So now I am even more confused as to what he's got 

I suppose I will just have to ask what his horns are like. Anything else you can think of that I oughta ask, while I'm at it?

Pat


----------



## Iceblink (Apr 4, 2010)

In my very limited experience with Shetlands, they aren't very nice temperament wise. Mine butted a lot, and I've heard the same thing from others.  I'm sure a lot of people will tell you different, but that's my experience.

Edited to add: I forgot to mention that I have only had experience with Shetland EWES.


----------



## jhm47 (Apr 4, 2010)

One of the biggest problems with rams is when people make "pets" out of them.  They lose their respect for people, and look upon humans as competitors for their mates.  Bulls, boars, rams, even roosters should be treated humanely, but should also maintain a healthy respect for their owners.  We've made our share of mistakes, and I was butted many times by a huge Columbia ram that we bought and showed extensively.  It was similar to being hit by a car.  This ram weighed nearly 300 lbs, and could run far faster than I could, so when he hit me, it was not very pleasant.


----------



## aggieterpkatie (Apr 5, 2010)

I second what jhm47 said.  People shouldn't be petting rams or making them friendly.  Rams should be handled only when necessary so they maintain a healthy respect/fear of humans.  

AFAIK, most sheep aren't disbudded- many horned breeds (esp ram lambs) are born with horns already out.  Shetland rams normally have spiral horns and the ewes are normally polled.  Some people breed and try to get nice horns when they breed.  
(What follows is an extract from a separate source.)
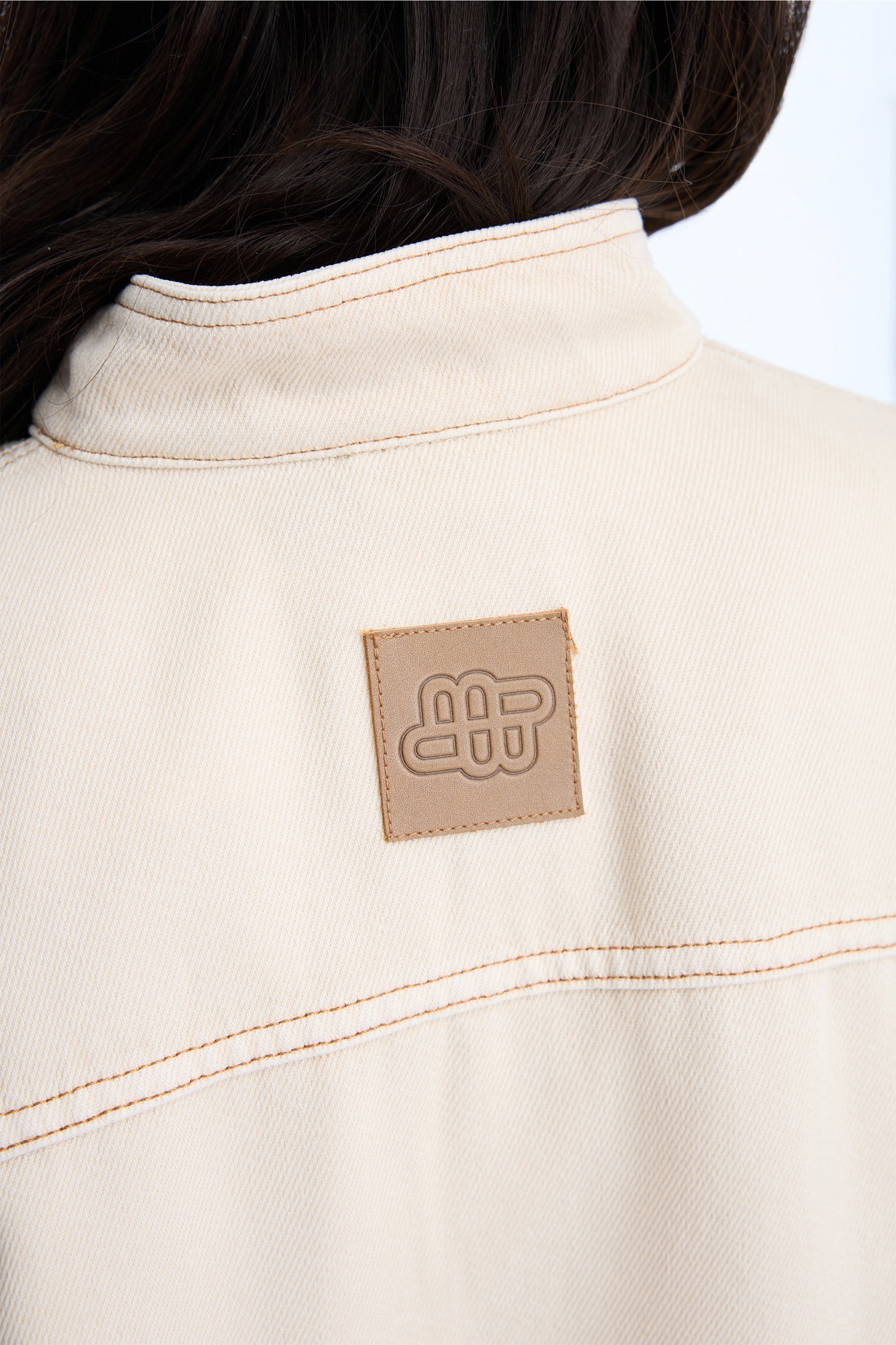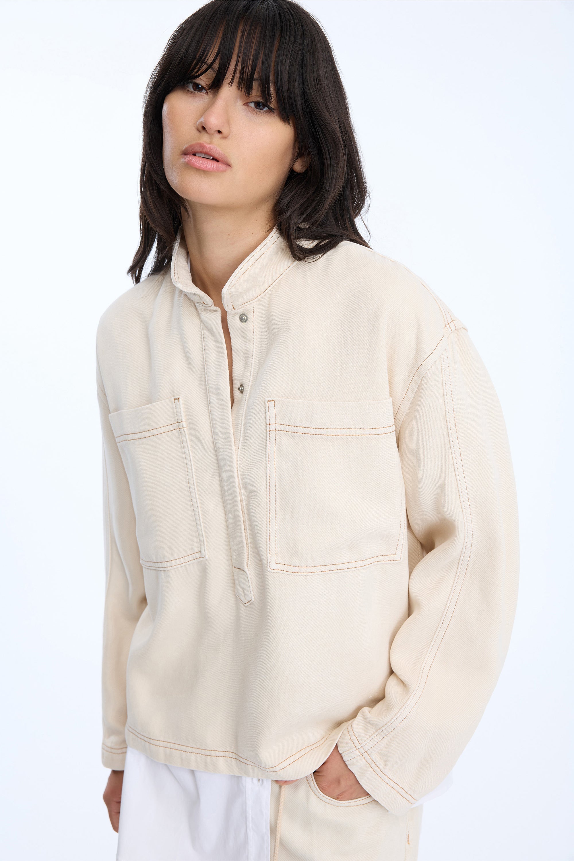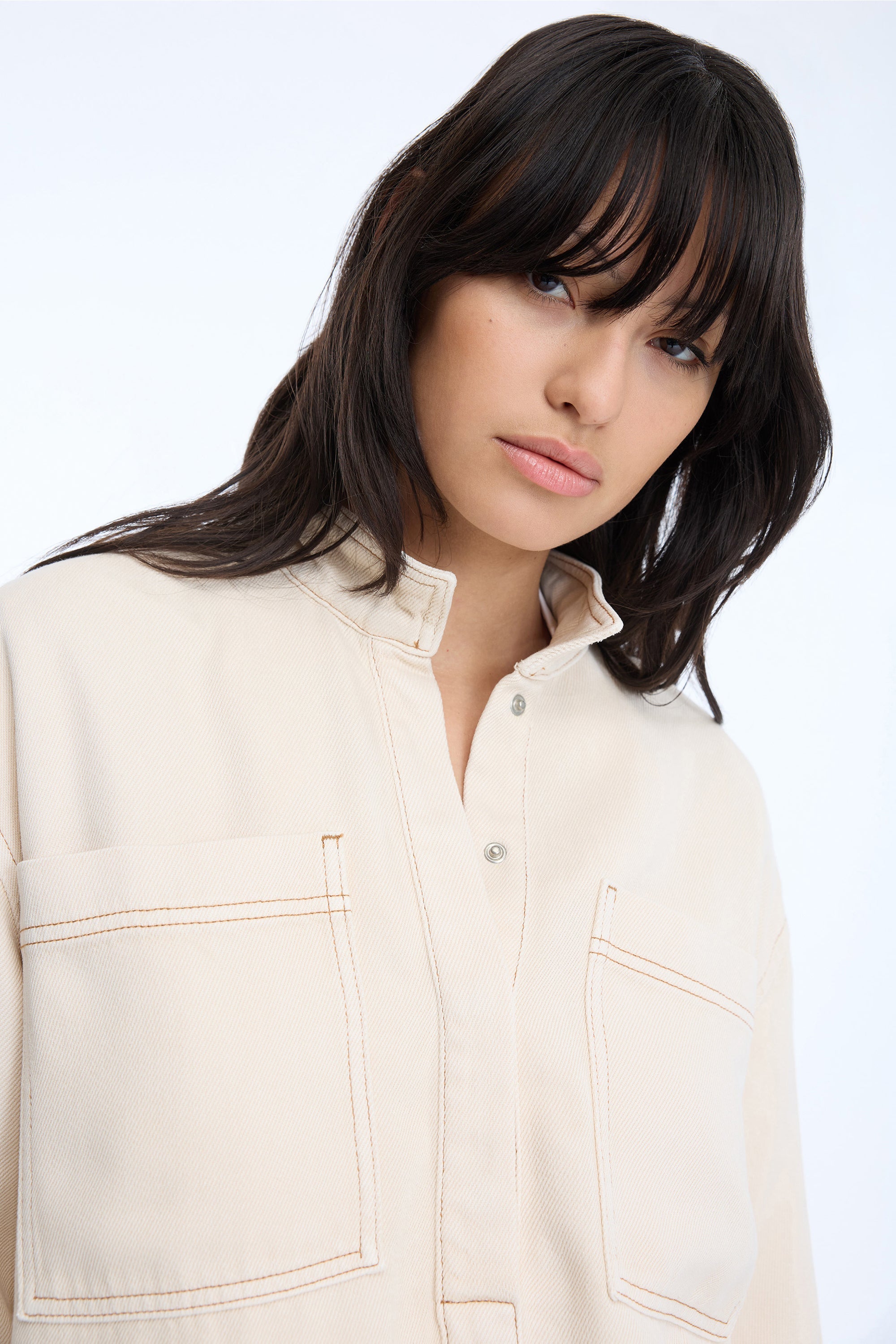 Ein Jeanshemd mit übergroßen Taschen auf der Brust, kann bis zur Hälfte geöffnet werden und hat einen eleganten kleinen Kragen. Das Hemd hat eine normale Passform.

In my opinion, if you don't care about horns on your ram or future lambs, get him.  If you want a totally horned animal or a totally polled animal, maybe don't get him.  I'd definitely find out just how long the scurs are.  I boarded a Katahdin ram last summer and he had small scurs about 1-1.5" long.  It wasn't a problem at all, and scurs are acceptable for that breed standard.


----------



## Beekissed (Apr 5, 2010)

I passed on a ram lamb recently that had scurs, one of which was growing into his head.  I really wanted a polled ram and I felt the scur could be problematic so I passed.  It wasn't the only reason but it was one consideration for me.


----------



## Ariel301 (Apr 5, 2010)

If you just want him to keep your ewes in milk and having lambs, I wouldn't let the horns stop you, unless he's really mean to begin with. I don't have sheep personally, but a lot of my goats are horned, even my breeding buck, and they don't cause problems at all. They have been taught not to touch anyone with their horns, and if I handle them, they will actually tip their horns away from me so they don't accidentally bump me. Personally, I like my animals with horns on them, and if I ever get some sheep, I will look for horned breeds. 

As the previous poster mentioned, scurs (at least the kind from disbudding, don't know about the others) can grow into the skin of the head and cause considerable damage. So they need to be checked occasionally and if needed trimmed away from the head/face. If they aren't big, you could probably also remove them by securing castrating bands around the base of them...we've been successful that way with goats and it doesn't seem to be too painful to them.


----------



## patandchickens (Apr 6, 2010)

Thanks folks!   AFAIK this is a ewe-raised ram lamb, not bottle-raised, so I have enquired about his disposition and the exact nature of his horns, and if he sounds plausible I will probably take a flier on him 

Much appreciated,

Pat


----------



## rockdoveranch (Jul 5, 2011)

Pat, I know this is a really old thread, but what did you decide about the ram lamb?


----------